4. Behind the Scenes: The Invisible Work of Dance
The idea for Line Dialogues began with a feeling when visiting the National Gallery the first time. I sensed that the still portraits in the National Gallery’s Central Hall were calling for interaction. But bringing these kinds of ideas into reality demands much more than imagination. It demands careful negotiation of space, logistics, safety, and, sometimes, resilience against institutional limits.
Planning a project as a freelance dance artist requires one to balance multiple different roles: choreographer, performer, facilitator, producer, and researcher. Usually all at once. As the National Gallery’s Central Hall became the chosen place for the proposal, I needed to know more about the Hall and went to visit again. Museums are carefully regulated environments, where sound and movement is controlled to protect valuable artwork. Knowing the etiquette and limits is essential when making embodied practice project proposals.
So, after planning the choreography at home, I returned to the National Gallery to observe the Central Hall in detail. I arrived a little over an hour before closing time, joining the entrance queue on the side of Trafalgar Square. Most visitors seemed to be tourists: families, couples, friends, though a few, like me, arrived alone. Entering the Gallery through a metal detector, I noticed the careful regulation of bodies at the threshold. The security team was guiding larger bags for inspection, channeling smaller ones through.
From the entrance, a flight of stairs leads directly up to the doors of the Central Hall. Inside, four benches form a rectangle of roughly 5x3 meters in the middle of the room, an ideal space for the line dance to be performed. I sat on one of the benches observing the room, and noticed the Hall’s high ceilings with the natural light filtering through glass window panes. The Hall, situated in the middle of the museum, serves as a welcoming crossroad where people can choose their own path to explore the museum by choosing one of the four directions.

After a moment of people watching, I dive in deeper to focus on the ten paintings, and put on my earphones. I play Love Is the Message (Love groove bonus) by MFSB, a newer version of the 1973 disco track rooted in communal celebration. As the music filled my ears, I marked through the choreography quietly, imagining how the sequence danced by more people would fill the space. Facing each wall of the Hall, I turned with the dance, aligning the gestures and creating interplay with the paintings that hung there.
The feeling was immediate: an embodied conversation with the art. Moving from painting to painting, observing, mirroring postures, step-by-step, I experienced the reciprocity described by theories of participatory sense-making. I started to see the figures in the paintings jam to the music in their own way, the textiles in the portraits seemed almost to ripple. Movement filled the paintings with life, while their richness and history fed back into my dance. It was not about reenactment, it was about co-creation, across centuries.

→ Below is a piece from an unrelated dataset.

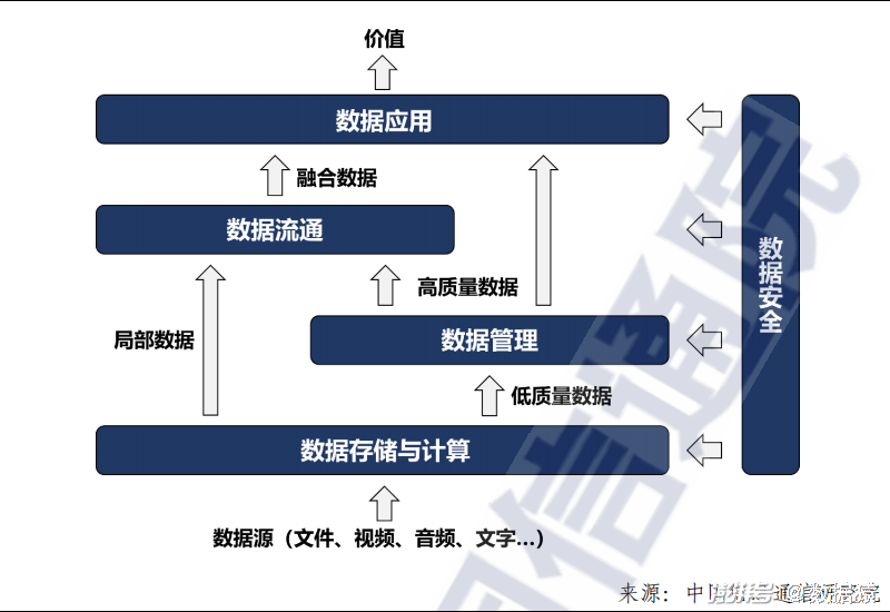 此外,从技术发展角度来看,数据存储与计算、数据管理、数据流通、数据应用、数据安全是大数据产业重点发展的五大核心领域。从流程上看,数据源通过数据存储与计算实现压缩和初步加工,通过数据管理提升质量,通过数据流通配置给其他相关主体,通过数据应用直接释放价值,并由数据安全技术进行全过程的安全保障。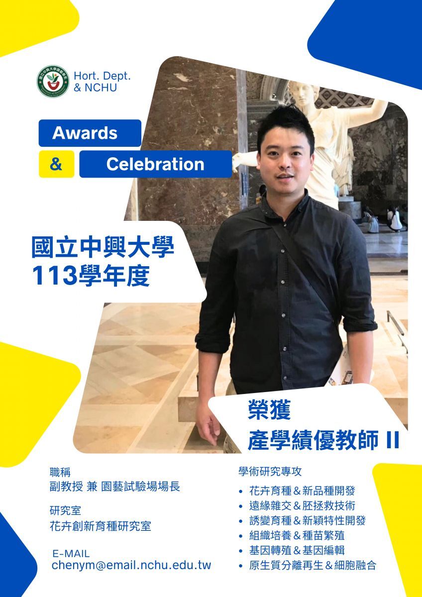恭賀!本系陳彥銘老師榮獲本校 113 年度「產學績優教師II」!

Still, planning a public event in a museum means working with more than just inspiration. After my quiet rehearsal, I approached a gallery assistant asking about the Hall’s history. He said it was part of the Gallery’s original 19th-century building. When I asked about playing music, he confirmed that concerts had been held in the Hall, but warned about sound levels, as excessive vibration could endanger the paintings. I was advised to consult the building managers for detailed information. Thus, I explained my imagined project to a friendly visitor services assistant at the membership desk, and received a general email address. She said my message would be forwarded to the right department. With excitement I left the museum, and as I got home I sent an email with clarifying questions.

Planning Line Dialogues is itself an act of soft resistance. An insistence that embodied, collective joy belongs even in the most formal spaces. That negotiation with space, with institution, with history is not separate from the dance. It is a part of it.
5. Inviting Movement: Proposal, Possibilities and Public Access
Final proposal:
As a part of the National Gallery’s Friday Late Series, Line Dialogues proposes two small performances and two workshop performances, based on mirroring the postures and gestures from the ten historic portraits in the space. The two short performances give people a chance to see and observe the paintings in the movements, and the two workshop performances allow them to embody and create dialogues, with the art in the space, through shared movement.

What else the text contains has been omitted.